Mañana será el día de Navidad. La Navidad es la fiesta más popular, más alegre y más antigua en la mayoría de los países del mundo. Esta Navidad será la 2007 de la historia. Ningún otro acontecimiento histórico se ha celebrado tantas veces sin que aburra. Muchas familias supieron mantener esta tradición. Por esos días, todos tratamos de visitarnos, de reunirnos, de tener una comida juntos, de preparar los pequeños regalos de los niños para el 6 de enero, Fiesta de los Reyes Magos. Son días especiales para perdonarnos mutuamente, para reconciliarnos, para “volvernos a hablar” si estábamos peleados… ¡Cuánto necesitamos todos ser más niños, más humildes, más pequeños! ¡Cuánto necesitamos dejar de ser ese “personaje” que cada hombre se fabrica y luego no sabe cómo desprenderse de él! Desde esta Navidad debiéramos hacer el propósito de no buscar las grandezas, de sentirnos por debajo de todos y al servicio de todos.
Después de la Navidad vendrá la fiesta de Año Nuevo. En las comunidades celebramos la Misa por la Paz. En Cuba, gracias a Dios, no hay un conflicto bélico, pero ¡cuántas familias nuestras viven en una constante guerra entre sus miembros! ¡Cuántos de nuestros hogares son una verdadera “olla de grillos”! Por eso tenemos que rezarle al Niño de la Nochebuena. Él viene desarmado. No amenaza. No usa la fuerza. No se impone, se ofrece. Él es el Príncipe de la Paz. Recemos para que se haga realidad en nuestras casas el canto que se escuchó en Belén, en la primera Nochebuena de la historia: “Gloria a Dios en el cielo y en la tierra paz a los hombres que ama el Señor”.
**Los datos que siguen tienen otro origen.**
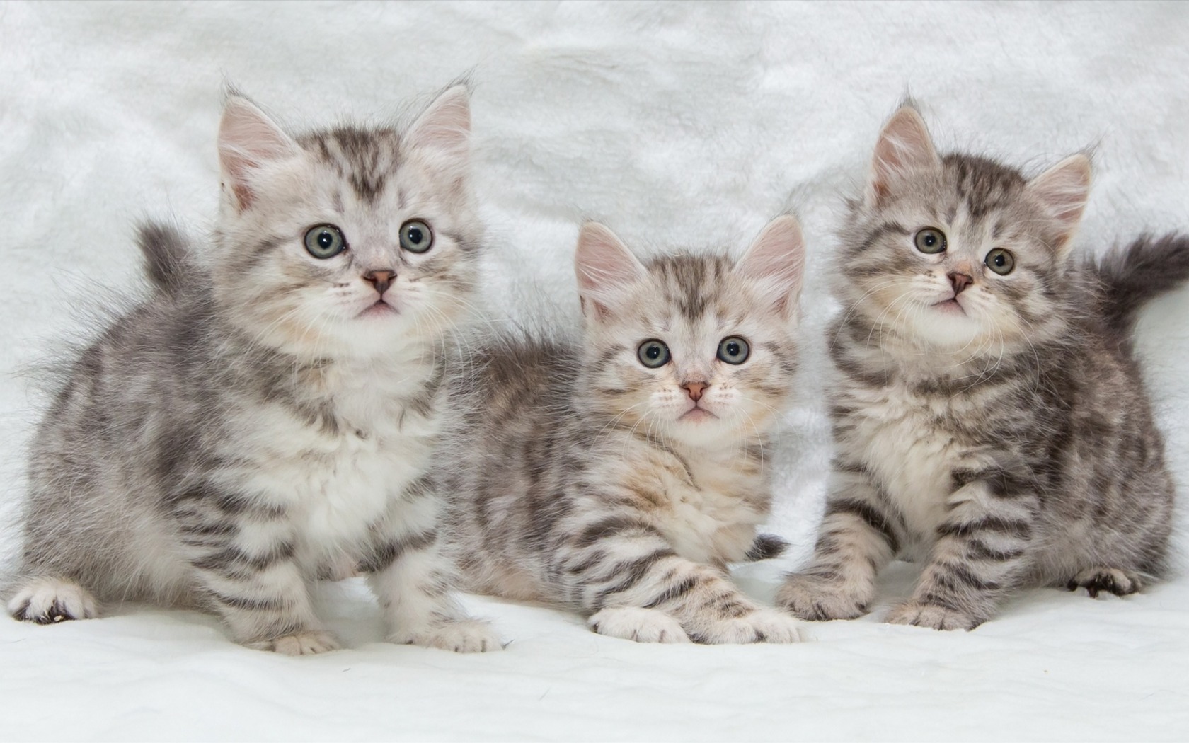 Description: Three kittens are sitting together on a white blanket and looking at the camera with a sad look on their face.

Es probable que en las conversaciones de esos días de Año Nuevo, cada uno de nosotros dirá frases como éstas: “¡qué rápido se me fue este año…si me parece que empezó ayer… se me fue volando!”… y es que la vida es breve. El Salmo 89 de la Biblia nos advierte que “aunque uno viva setenta años, y el más robusto hasta ochenta, la mayor parte son fatiga inútil porque pasan aprisa y vuelan”. También es posible que muchos de los afectados por los aguaceros torrenciales de los meses pasados más bien comenten: “qué año más difícil… qué largo se me hizo”… Hay también quienes en estos días finales de diciembre gustan de discutir si el que viene será un año más de vida o un año menos… para terminar con una frase de desconfianza: “¡Vamos a ver cómo viene este año!”…
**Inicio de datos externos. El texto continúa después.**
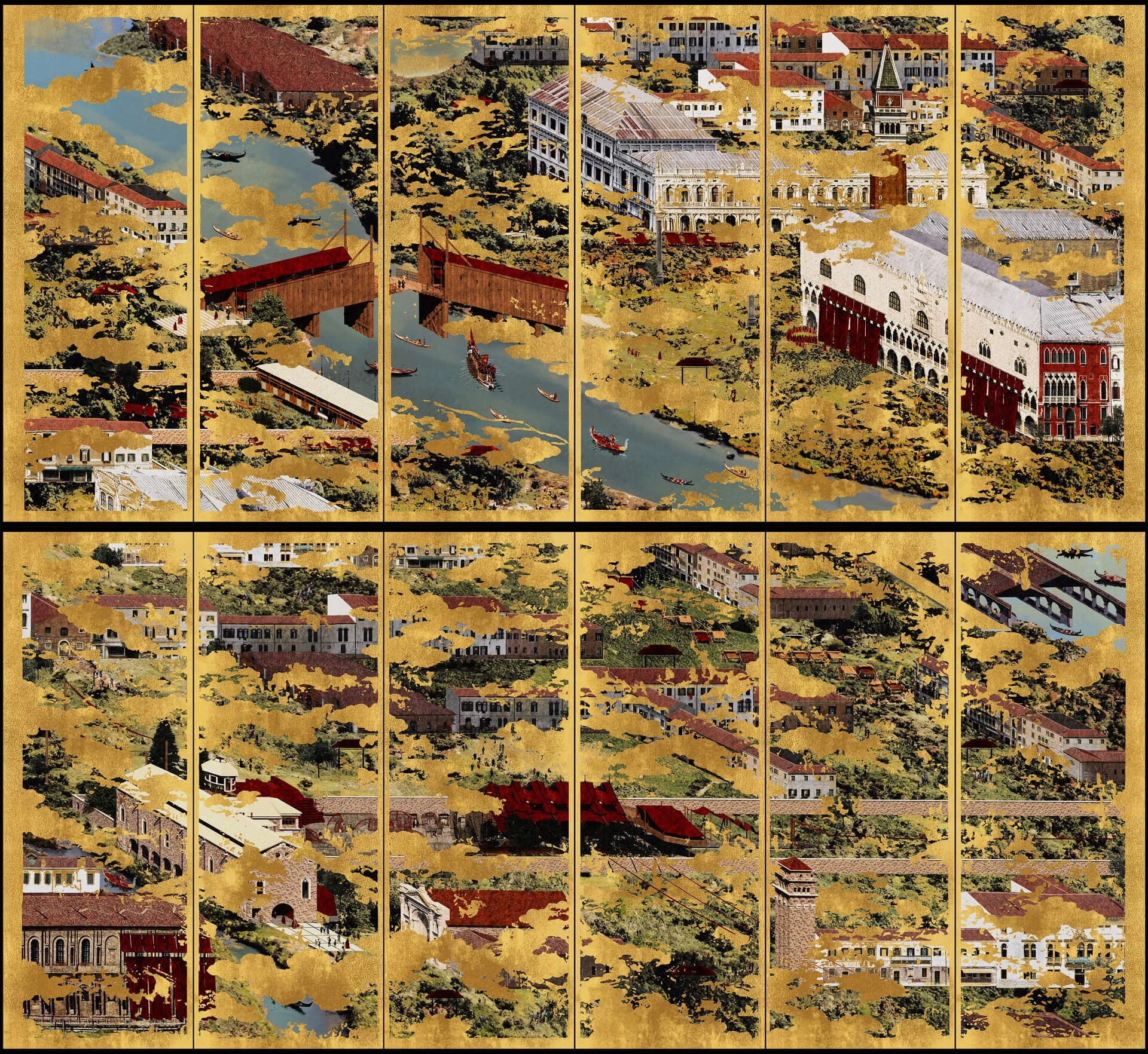 Tales of Liminality, a 12-panel screen set, reimagines Venice by intertwining the city’s rich silk-weaving heritage with a broader, transnational history. Drawing inspiration from the Japanese rakuchū rakugai-zu paintings, the work challenges conventional perspectives of urban space, critiquing the Eurocentric frameworks that have shaped the development and remembering of cities. By tracing the dialogues between East and West along the Silk Roads, the piece highlights the fluidity of cultural boundaries and intertwining of multiple histories, offering a new lens through which to view Venice as a city of liminality.

El refrán que todos los cubanos sí aceptamos de buen gusto es bien conocido: “Año nuevo, vida nueva”. Hay en él un vivo retrato del deseo que tenemos de empezar bien el año, de ordenar la casa y las cosas de nuestra vida, de no repetir errores. Ojalá que en estos días, al desearnos “que haya salud, que lo demás no importa” , pensemos no sólo en la salud del cuerpo sino en la otra salud, la del alma. Porque, ¿qué habremos logrado si al final de una vida “saludable” el Señor nos dijera: “Apártate de mí porque no te conozco” (Mt. 25, 12), porque olvidamos lo que él mismo nos advirtió: “¿De qué le vale a un hombre ganar el mundo entero si al final de su vida pierde su alma?” (Mt. 16, 26).
• ¡Qué bueno sería que en el 2008 disminuyeran al menos los abortos, los divorcios, los robos de bicicletas y casas, los adulterios, el consumo de bebidas alcohólicas, las malas palabras, los chismes, las “puyas”, la doble cara…!
• ¡Qué bueno sería proponernos dejar de ser “luz de la calle y oscuridad de nuestra casa” y dedicar más tiempo este año a la familia, a los hijos, a los abuelos y tíos olvidados!
• ¡Qué bueno sería que recuperáramos el “si Dios quiere” que siempre decían nuestros abuelos! Quizás Dios tenga quejas contra nuestra Iglesia y nuestro pueblo porque hicimos y hacemos planes sin contar con su bendición. Y la historia nos confirma lo que escribió San Agustín: “Cuando uno huye de Dios, todo huye de uno”. Y se cumple la advertencia del Salmo 127: “Si el Señor no construye la casa, en vano se esfuerzan los albañiles”.
• ¡Qué bueno sería que las inquietudes e inconformidades de la población cubana, expresadas en reuniones abiertas en estos últimos meses, encuentren una solución rápida por parte de quienes tengan que hacerlo!
• ¡Qué bueno sería que cada uno dedique este año más tiempo a escuchar que a hablar, porque casi siempre hablamos mucho y escuchamos poco. Y nos hace falta escuchar más a Dios y a nuestros familiares y vecinos. Y escuchar también a los que piensan de manera distinta, a los que nos critican. Nada vamos a perder con ello porque, como aprendí de un sabio obispo, “los críticos nos revelan lo que los incondicionales nos ocultan”.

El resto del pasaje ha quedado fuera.